4. Materials and Methods
4.1. Plant Material
Different tissues of ten cultivars from the O. sativa ssp. japonica, indica and aus were used for RNA isolation. Cultivars of the subspecies aus, indica and japonica are referred to in the text as aus, indica or japonica cultivars. Plants were grown under combined drought and heat stress in the field at the International Rice Research Institute at the Philippines (IRRI) (Dular, N22, Anjali) [34], under heat and combined drought and heat stress under controlled climate conditions at IRRI (N22, Moroberekan) [35], under shoot submergence and root salinity, and combined shoot submergence and root salinity in net-houses at IRRI (IR64) [32], under high night temperature stress under controlled climate conditions at the Max Planck Institute of Molecular Plant Physiology in Germany (IR62266-42-6-2, IR64, IR72, CT9993-5-10-1M, M202, Moroberekan, Nipponbare) [36] and under high night temperature stress in the field at IRRI (IR62266-42-6-2, IR64, IR72, CT9993-5-10-1M, M202, Moroberekan) [33]. Samples were obtained from plants grown under both stress and control conditions (see Supplementary File S1 for a complete list of all samples). An overview of cultivars, tissues and growth environments is given in Table 1. The selection of cultivars was based on their different sensitivity to high night temperature [36], heat, drought or combined heat and drought stress [34,35].
4.2. RNA Extraction and Sequencing
Total RNA was isolated from homogenized frozen material from all samples listed in Supplementary File S1 using Trizol-based methods [61,62]. RNA was quantified spectrophotometrically (NanoDrop Technologies, Wilmington, DE, USA) and genomic DNA contamination was removed by DNase treatment (Rapid Out DNA Removal Kit, Thermo Scientific, Dreieich, Germany). Absence of genomic DNA was verified by qRT-PCR using a primer pair amplifying an intron sequence [63]. Final RNA quality and integrity were assayed using the Agilent 2100 Bioanalyzer (Agilent Technologies, Santa Clara, CA, USA). For each cultivar, RNA isolated from all organs and treatments was pooled to generate one sample per cultivar. PacBio library preparation and sequencing were performed at the Max Planck Genome Center Cologne, Germany. cDNA was synthesized and amplified according to the Pacific Biosciences’s protocol using the SMARTer PCR cDNA Synthesis kit (Clontech, Mountain View, CA, USA) and amplification by the KAPA HIFI PCR Kit (Kapa Biosystems, Wilmington, MA, USA). The cDNAs were not size-selected and PacBio libraries were prepared with the SMRTbell Template Prep Kit 1.0 (Pacific Biosciences, Menlo Park, CA, USA) and sequenced on the PacBio Sequel I with Sequel DNA polymerase and binding kit and sequencing chemistry version 2.1 for 600 min. Each library was sequenced on two or three SMRT cells to achieve sufficient coverage.For RNA-Seq analysis, RNA was isolated from developing seeds of the aus cultivar N22. Plants were grown in the field in 2013 under either well-watered control conditions or under combined drought and heat stress [34] and RNA was extracted using Ribospin Seed/Fruit and Riboclear plus! (GeneAll Biotechnology, Songpa-gu, Republic of Korea) following the manufacturer´s instructions. Three biological replicates were generated for each condition (control/stress). Quantification of RNA and quality controls were performed as described above. Library preparation and sequencing were performed at the Max Planck Genome Centre Cologne. Libraries were prepared with NEBNext Ultra Directional RNA Library Prep Kit for Illumina (New England Biolabs, Frankfurt am Main, Germany) and sequenced using Illumina HiSeq 3000 technology generating approximately 30 million 150 base pair-long single-end reads per sample.

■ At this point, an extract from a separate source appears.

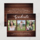 Announce your graduation to friends and family with these rustic wood, fun and modern photo collage graduation announcement cards. Customize with 3 of your favorite senior or college photos, and personalize with graduating year, name, high school or college. Personalize the back with your personal message, can also be for graduation invitations. These unique trendy and stylish graduation cards will make a lasting impression with family, friends, and your fellow classmates! COPYRIGHT © 2020 Judy Burrows, Black Dog Art - All Rights Reserved. Rustic 3 Photo County Wood Budget Graduation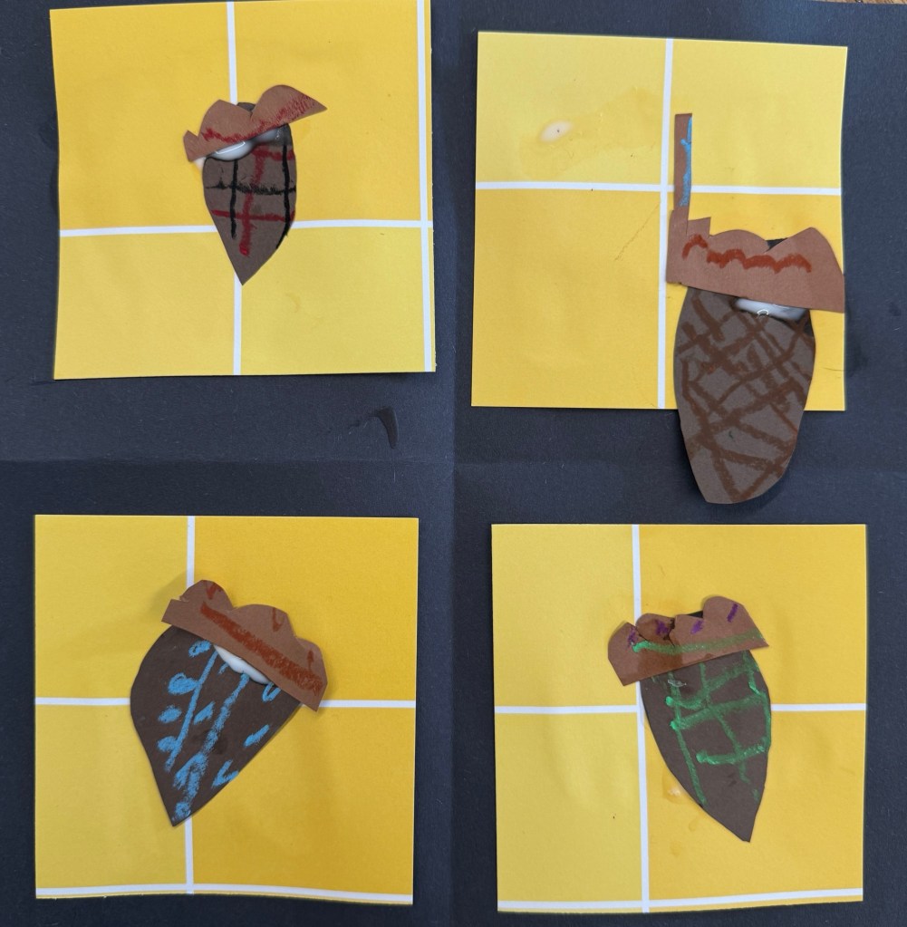 All this science and nature provided the perfect foundation for an art project inspired by Andy Warhol and the Pop Art movement. Today the first graders in my classroom used scissors, construction paper, oil pastels…and wait for it…white glue to create the most adorable acorn art. Scissor work can be challenging for young learners, and to add to the scissor demand I didn’t provide a template. Instead I showed them how to trim the square of paper into the shape of the acorn nut…and another square of paper into the shape of an acorn cap. A few students expressed frustration, but with some encouragement and insistence that they keep trying, all students were able to cut out acorns and their caps independently.

4.3. De novo Transcriptome Reconstruction
To generate full-length isoforms, the software IsoSeq3 v3.0 included in smrtlink v5.1 (Pacific Bioscience, Menlo Park, CA, USA) was used to perform the following four steps: consensus (ccs 3.0.0), lima (lima 1.0.0), cluster (sierra 0.7.1) and polish (tango 0.7.1). Raw data processing for each library was performed on combined data from two or three SMRT cells (using the smrtlink command create) with default parameters:ccs $in.subreads.bam $out.bam --noPolish --minPasses=1lima $in.xml primer.fasta $out.demux.ccs.bam --isoseq --no-pbi --dump-clipsisoseq3 cluster $in.demux.ccs.bam $out.unpolished.bamisoseq3 polish $in.unpolished.bam $out.polished.bamAs final output high-quality (HQ) and low-quality (LQ) isoforms were obtained. Only HQ isoforms were used for subsequent analysis. To identify contaminations, HQ isoforms of all cultivars were aligned against the NCBI nucleotide database (downloaded: 24.07.2018) with blastn v2.3.0 [38] (E ≤ 1 × 1010). Isoforms without a hit were aligned against the NCBI protein database (downloaded: 24.07.2018) using blastx v2.3.0 [38] (E ≤ 1 × 10−10). All isoforms without a significant hit for the family Viridiplantae (green plants) were defined as contaminations and removed.
4.4. Genome References
For insertion and deletion (InDel) determination, collapsing and mapping, three O. sativa genome references from the subspecies aus (N22) [6], indica (Shuhui498 (R498 genome)) [13] and japonica (Nipponbare, IRGSPv1.0.44) [10] were used.
4.5. InDel Analysis
HQ isoforms of each cultivar were mapped against the subspecies-specific reference genomes using minimap2, v2.17-r941 [64] with the parameters --ax splice, --uf --C5 and --secondary=no. Insertions and deletions were determined by extracting the cigar string from the alignment files in bam format [65].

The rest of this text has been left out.